Betty Boye, 40, Pureblood, Ex potions expert at Saint Mungos, now full time house wife.
( SIBLINGS ) : None
( OTHERS ) :
Wilhelm Green, 76, Grandpa, pureblood, retired entertainer.
Vinici Green, 80, Grandma, pureblood, retired entertainer.
( HISTORY ) :
Jesse Harold Boye. Named for my father, and my father’s father, and his father before that. I was lucky my mom put her foot down and stomped the chain flat with her heavy-footed determination or else I would have been Harold Boye Jr. So Hillbilly, am I right? But that’s Harold Sr for you. Born and raise on a cattle farm, my dad is a strong headed individual and isn’t very good at excepting the strange and unusual. It’s a wonder him and my mother ever got married!
My mom’s a sweet woman. One of those good old-fashioned women who stay home to clean and look after the kids, giving up a future career in magical medicines to blow noses and iron dungarees. She enjoys needle point in her free time, and is known throughout our small community for having some of the most splendid garden parties. She’s also associated with me, who she strongly supports, even around all her highbrow friends. She may be Catholic, but she describes herself as an advocate of freedom, saying, “It’s the freedom of this great country that lets me practice my religion, and it’s that same freedom they step on when they tell you who to love”. She really is my hero. I wish more people in Widlington saw it that way.
Let me explain myself a little better.
My name Is Jesse Boye, and I am a crossdressing gay from a small, hick town in Ireland.
First off, I’m not a faggot, I’m a homosexual. Look it up. Second of all, just because I wanna wear a dress, doesn’t mean I want tits. I’m a Genderqueer, a cross-dresser, a drag queen, but I’m no transvestite. I was born a boy, and I wouldn’t want to be anything else. I don’t want breasts, never. But that doesn’t mean I can’t wear a dress now and then. I like feeling pretty, so I die my hair black, slather on some make-up, and put on a little lace and frills. Not a big thing.
I grew up on my dad’s ranch in the Irish countryside and learned the importance of hard work from a young age. I’ve always helped out around the farm, and am a lot stronger than I look because of it. It was here that I learned how to ride a horse. And it was in the fields that my grandfather taught me how to ride a broom. Growing up here was probably the best thing a child could ask for. I was taught to be independent, strong, brave, and kind while working and playing around the acres of greens.
I was told since as far back as I can remember that I was a wizard. I thought it was so cool that I was going to be able to do thinks my father couldn’t (we don’t always get along, him and I).
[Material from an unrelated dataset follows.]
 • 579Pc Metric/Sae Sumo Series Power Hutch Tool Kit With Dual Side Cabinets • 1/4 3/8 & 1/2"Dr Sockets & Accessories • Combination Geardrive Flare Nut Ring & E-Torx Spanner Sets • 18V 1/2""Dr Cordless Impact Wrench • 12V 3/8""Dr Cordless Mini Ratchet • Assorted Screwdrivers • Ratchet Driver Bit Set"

Besides flying a broom, I didn't really have anything magical show up in me till I was about seven, when I accidentally exploded a quaffle my grandfather and I were tossing around, singing off my eyebrows in the process. Who knew that seven years later I'd be shaving them off for fun. I wasn't surprised when I got my Hogwart's letter at Eleven. I knew I was going there. I was a little surprised when I was sorted into gryffindor though. I was sure I was gonna get Hufflepuff, cause let's be honest, that's where all the freaks are put.
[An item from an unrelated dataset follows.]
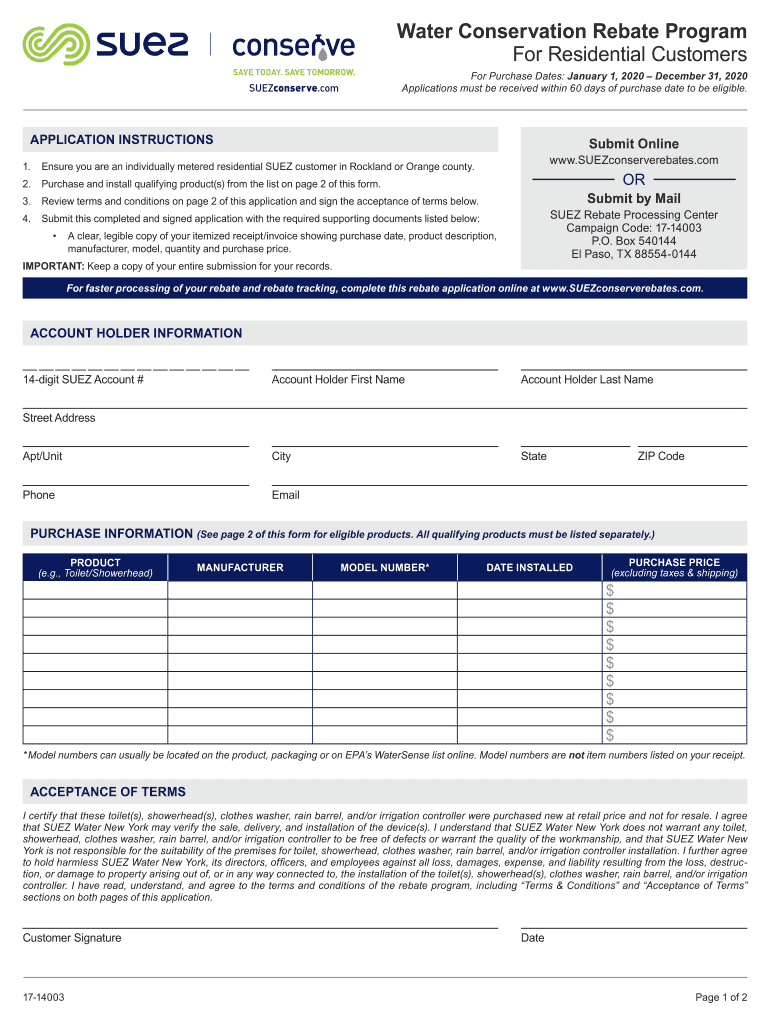Get the free Ensure you are an individually metered residential SUEZ customer in Rockland or Oran...

This summer was a shaky experience though. During a riding competition with some local kids, my horse was spooked by some asshole, and I was tossed from her. I landed on the hard soil, and busted my collar bone, and was then landed on and kicked by my girl, fracturing a humerus, breaking two ribs, and a shattering my hip bone. It was embarrassing and extremely aggravating, and I had tried to get up off the ground, only to find I couldn’t walk. The kids got my mother and she got my to Saint Mungos. They fixed me up pretty good, but after multiple potions, my hip wasn't growing back properly. I had to be given an artificial one. After being bedridden all summer, I’m finally walking again, though it is with a limp.
Now things are good though. Getting ahead in Defense Against the Dark Arts, and pretty strong in Divination, I mean, All you gotta do is make you some cock-and-bull story about stars and someone you know and you're passing with Os. Not been so good with Transfiguration... or history, but hey when will I ever need that crap?
________________________
"MY WHOLE FAMILY HAVE BEEN IN SLYTHERIN."
"BLIMEY, AND I THOUGHT YOU SEEMED ALL RIGHT!"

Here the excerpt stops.